When to Take Social Security

Summary of When to Take Social Security

by DIY Money

16mMay 20, 2026

Overview of DIY Money’s “When to Take Social Security”

In this episode, the hosts answer a listener question about whether it can make sense to start Social Security early at age 62, invest the benefits, and let that money grow instead of waiting until age 70 for a larger monthly payment. Their core conclusion: yes, this can be a smart strategy in many cases—but only if you actually invest the early benefits and account for taxes and earnings limits.

Main Question Discussed

A listener asked why advisors often recommend delaying Social Security to age 70 if:

  • You could claim at 62,
  • Invest the monthly checks,
  • Keep that money growing until age 70,
  • And then still receive Social Security later.
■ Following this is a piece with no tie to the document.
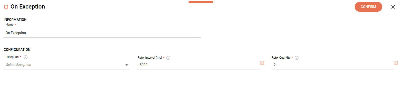 • Name: enter a unique name for the step. By default, you will see "On Exception". Alphanumeric field with a limit of 20 characters. Special characters and whitespace are not allowed.

The hosts explain that this is a valid apples-to-apples comparison and that, when modeled properly, investing early benefits can often produce a better long-term result than simply waiting.

Key Takeaways

Early claiming plus investing can outperform delaying

  • The typical “wait until 70” advice often ignores what happens if early benefits are invested.
  • If the early Social Security payments are put into a reasonable investment portfolio, the compounded growth can push the crossover age much later, often into the 90s.
  • In many scenarios, the early-claim-and-invest approach can create more total wealth over a lifetime.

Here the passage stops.